Foi uma decisão polêmica. O ministro Gilmar Mendes chegou a dizer que, com base nela, até a “birosca da dona Maria” poderia alegar prejuízos em decorrências dos planos econômicos. Mas é uma decisão emblemática, visto que o STF tem na pauta, pendente de julgamento, a discussão sobre a constitucionalidade dos expurgos inflacionários da poupança decorrente dos planos econômicos. Cármen estava impedida porque seu pai era um dos poupadores com processo parado na Justiça, mas, como ele desistiu da ação, agora ela pode julgar o caso. E tudo indica que ela vai ser favorável aos poupadores.
Ela também é conhecida por seu perfil duro na aplicação da lei penal. É a favor, por exemplo, que, no caso de dúvida quanto ao recebimento da denúncia, ela deve ser recebida, “lembrando que, nessa fase, in dubio pro societate”. Para Cármen, nesses casos, deve-se seguir a ação penal para que se comprove a inocência ou culpa do acusado, garantindo o direito de defesa. Mas ficou vencida.
A ministra também ficou vencida quando votou que as punições previstas na Lei de Abuso de Autoridade, de 1965, possam ser aplicadas a juízes. Por maioria, o Supremo entendeu que somente a Lei Orgânica da Magistratura Nacional (Loman) pode tratar de sanções a magistrados.
Cármen também votou a favor da possibilidade de se executar a prisão já depois da decisão de segunda instância em todas as oportunidades que teve. Ela concorda com a tese do ministro Teori Zavascki, de que depois do segundo grau se esgotam as possibilidades de discussão sobre fatos e provas de materialidade e autoria. Ao STJ e ao STF cabem apenas discussões de direitos e garantias.
E se ela costuma se destacar em casos de alta repercussão social, rejeita que o faça por atenção ao clamor das ruas. Quando o Supremo julgava se réus podem participar de concursos, o ministro Luiz Fux votou para que não pudessem, pois “é preciso uma releitura do princípio da presunção de inocência à luz do sentimento popular”.
No entendimento de Fux, foi isso o que o Supremo fez quando declarou Lei da Ficha Limpa constitucional: ouvir o sentimento popular. Cármen prontamente o interrompeu: “O que levei em conta foi o parágrafo 9º do artigo 14 da Constituição, que determina que lei complementar estabeleça casos de inelegibilidade”.

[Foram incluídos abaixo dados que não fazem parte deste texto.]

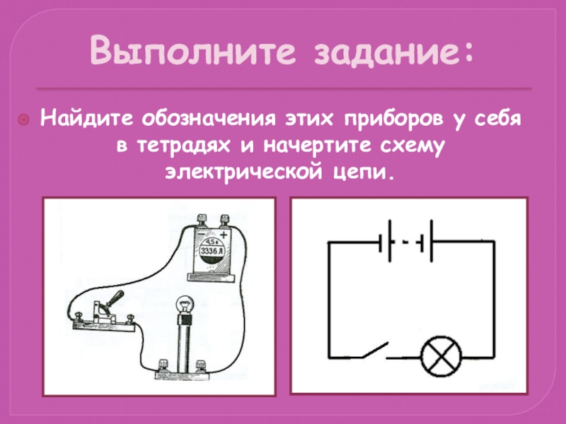 Выполните задание:Найдите обозначения этих приборов у себя в тетрадях и начертите схему электрической цепи.

Mas se é conhecida pelo apreço a punições severas, a ministra nunca se deixou seduzir pela chamada “jurisprudência defensiva”, a que defende restrições ao acesso ao tribunal. Cármen Lúcia jamais encampou a tese de que os Habeas Corpus não podem ser conhecidos se eles forem impetrados como substitutivos de recursos ordinários.
“A liberdade de locomoção há de ser entendida de forma ampla, afetando toda a qualquer medida de autoridade que possa, em tese, acarretar constrangimento à liberdade de ir e vir”, votou, num Habeas Corpus.